Under the ACA, states are required to have health insurance exchanges in place by the start of 2014. The Act specifies that funding for the exchanges will be allocated to the states on an annual basis by the Secretary of Health and Human Services (HHS). HHS has been making grants on an ongoing basis but will not award any grants after January 1, 2015. If a state elects not to establish an exchange or the Secretary determines that the state has not made sufficient progress by January 1, 2013, to have the required exchange operational by the first day of 2014, then the Secretary will either establish an exchange within the state directly or implement one through agreement with a non-profit. In part due to the uncertainty surrounding the future of the ACA, states have made varying degrees of progress toward meeting the exchange requirement.

For current state grantees and contractors, the Supreme Court's decision means that performance under their respective exchange grants and contracts will move full speed ahead. The decision also will likely open up numerous additional opportunities with states that delayed work on the design and implementation of health insurance exchanges pending the decision. Many of these states will likely rush towards the November 16, 2012 deadline for submitting exchange blueprints to HHS and will undoubtedly rely on contractors to support that effort. A few states are still maintaining that they will wait for election results before beginning any work to build an exchange, possibly hoping for repeal of the ACA or the exchange requirement if Republicans take control of the Senate and White House, or an extension to the January 1, 2014 deadline for operational exchanges if Republicans do not take control.

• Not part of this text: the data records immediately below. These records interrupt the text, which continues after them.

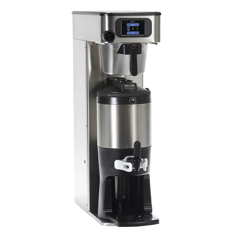 Elevate the experience with essentials. Introducing the Bunn 53300.0101 Coffee Brewer for Thermal Server, designed to enhance your commercial restaurant's coffee brewing process. This platinum edition tall coffee brewer is a game-changer, offering advanced features and functionality. With pre-infusion and pulse brew functions, it ensures optimal extraction and flavor for every cup. The SmartWAVE sprayhead technology evenly saturates the coffee grounds, resulting in a rich and aromatic brew. The electronic funnel lock and 4.3" color touchscreen provide intuitive control and convenience. This brewer is compatible with 2.5 to 3.8 liter airpots or 3.8 to 5.7 liter baseless Thermofresh servers, allowing you to serve a large number of customers efficiently. The wireless interface and USB programming enable seamless customization and monitoring. With its stainless steel finish, energy-saving mode, and UL and NSF certifications, this coffee brewer is a reliable and durable addition to any commercial restaurant. Elevate your coffee experience with the Bunn 53300.0101 Coffee Brewer for Thermal Server.
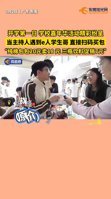 #开学第一日 ,学校#嘉年华 活动精彩纷呈!当主持人遇到#e人学生哥 ,直接扫码买包,“纯棉包包20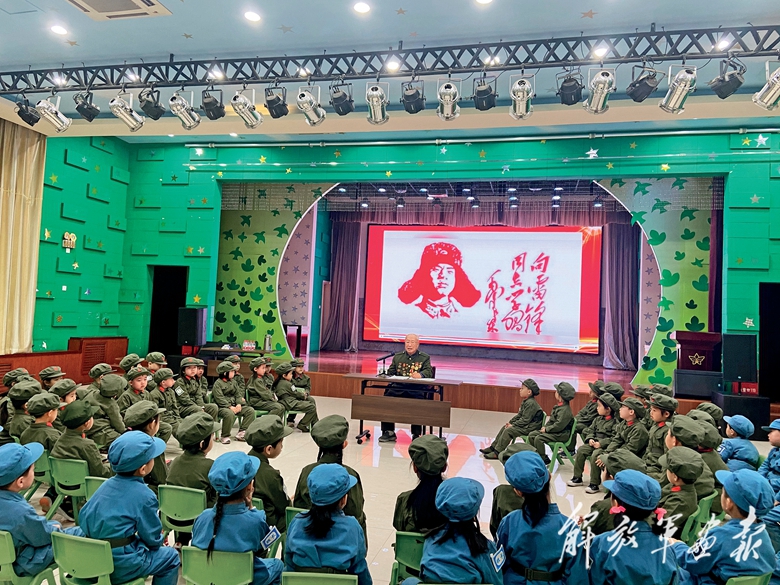 93歲高齡的老將軍姜洪祥為幼兒園小朋友講述雷鋒故事。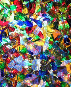 Ce contemplă el în fond? Acel carusel fascinant de culori, de nuanţe, de forme, de simetrii, de oglindiri care rezultă în urma acestei game nesfârşite de schimburi clare şi evidente, ce se declanşează mereu şi mereu prin intermediul luminii foarte puternice care nu variază deloc şi care este preluată în interiorul caleidoscopului.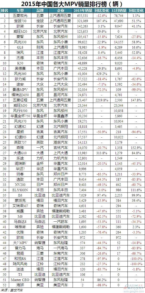 2015年国内MPV市场总计统计52款车型,销售前十车型依次是五菱宏光、宝骏730、欧诺、威旺M20、菱智、风光330、别克GL8、瑞风、杰德和奇瑞K50。其中,五菱宏光以655,531辆的销量成绩夺得2015年MPV市场销量冠军,但是却出现了12.6%的下跌,紧随其后的是同旗下的宝骏730,2015年销量实现321,069辆;新车K50销售48,899辆,排名第十位。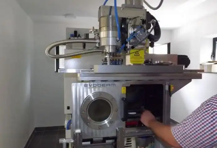 Иновативната лазерна система Evobeam cube 400, използвана в изследванията (снимка: Институт по електроника на БАН)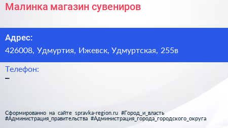 Малинка, магазин сувениров по адресу 426008, Удмуртия, Ижевск, Удмуртская, 255в в дальнейшем Организация, размещена в следующих категориях:

Like many other ACA projects, grants to assist states in building and implementing exchanges are funded by appropriations. Such projects have already been the subject of efforts to “defund” the appropriation that can be expected to continue. Although the BCA exempts from sequestration unobligated balances carried over from prior fiscal years and this exemption likely protects grants to assist states in creating exchanges, Congress is expected to explore a variety of alternatives to sequestration. As a result, unobligated ACA funds for exchange development may be placed on the table as Congress attempts to right the country's fiscal problems.

There are steps contractors can take to prepare for and mitigate the effects of potential spending reductions before they occur. Of particular importance to contractors working with state grantees under the ACA are the following:

  • Availability of Funds Clauses. Contracts with state grantees may contain a variety of provisions that limit the state's liability to available funding. Such provisions have been included in many state exchange contracts, for example, and some are far less forgiving than others. Contractors should inventory their contracts to understand how the risk of funding shortfalls has been allocated. Contractors should further ensure that their expenditures do not exceed the funds obligated by the state to the contract, particularly in large IT projects where costs can be front-loaded with substantial software license fees. In the event that expenditures exceed or are close to exceeding available funding, contractors should comply with any notice provisions in their contracts and otherwise document the grantee's knowledge and approval of the expenditure.
  • Termination and Changes Clauses. If ACA programs are cut or scaled back, termination and changes clauses will likely be the vehicles used to achieve any savings. Again, these clauses vary by contract and by state and may be substantially different from standard federal clauses. Contractors should be cognizant of the distinction between a “partial” termination of the contract for convenience and a deductive change to the contract, and the potentially different remedies that may be available for each.
  • Subcontractors, Vendors and Suppliers. Contractors should review their agreements with their team members to ensure that their liability under these agreements is co-extensive with the state's liability for a lack of available funding, partial termination or deductive change.